On April 17, members of the Canadian Union of Public Employees (CUPE), Local 1761, municipal workers employed by the Town of Placentia, N.L., voted 100 per cent in favour of a strike.
“Now that the membership has voted in favour of going on strike the workers could go out at any time, if necessary, or be locked out by their employer,” said Ed White, CUPE national representative.
Fourteen of the 15 employees were in attendance, said the union.
“After we reviewed the employer’s latest offer, the members were understandably disappointed,” said Gerry Quilty, CUPE 1761 president. “The members are frustrated with what they see as unnecessary delays by the employer.”

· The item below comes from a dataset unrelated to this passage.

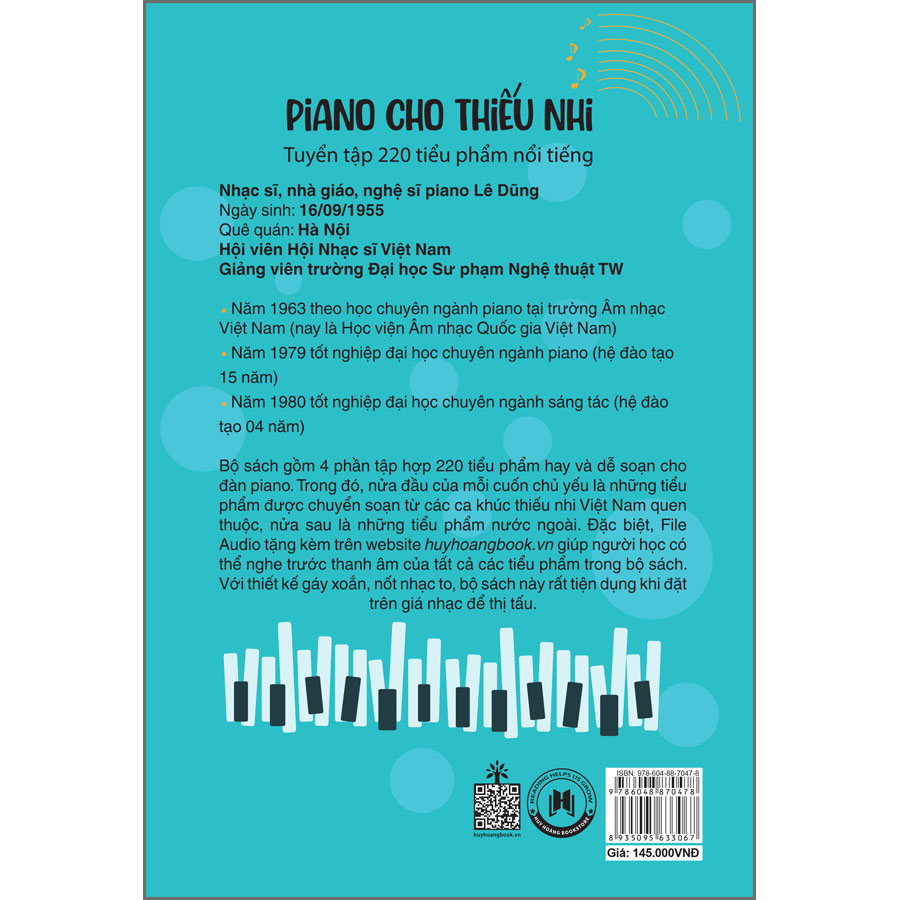 Cùng với những nghệ sĩ tên tuổi như: Đặng Thái Sơn, Đỗ Hồng Quân, Đặng Hữu Phú Lê Dũng là một trong những lớp nghệ sĩ đầu tiên theo học đàn Piano một cách chuyên nghiệp và bài bản. Với nhiều năm kinh nghiệm biểu diễn, sáng tác và giảng dạy, nhạc sĩ, nhà giáo, nghệ sĩ piano Lê Dũng đã biên soạn khá nhiều đầu sách tham khảo dành cho những người thực hành chơi đàn Piano. Cuốn Piano Cho Thiếu Nhi - Tuyển Tập 220 Tiểu Phẩm Nổi Tiếng gồm 4 tập, chọn lọc những tiểu phẩm hay, nổi tiếng soạn riêng cho đàn piano giúp những bạn yêu thích âm nhạc, đặc biệt là các em thiếu nhi luyện tập. Đặc biệt với 220 tiểu phẩm này, các em cũng có thể luyện tập trên đàn Organ.

“In this round of bargaining, the town hired outside consultants, who are not from Placentia, and requested a conciliator be appointed to the negotiations,” said White.
Historically, bargaining of a new contract between the municipal workers and their employer took place directly with town officials and the union’s bargaining committee. In 2012 and again in 2015, the two sides exchanged four proposals and completed negotiations in 19 weeks or less, said the union.
Eleven proposals have been exchanged and 46 weeks have passed, so far, since negotiations began in May 2018, according to CUPE.
CUPE 1761 represents 15 municipal workers employed as clerical staff, arena attendants, maintenance/water treatment operators, labourers and municipal enforcement officers.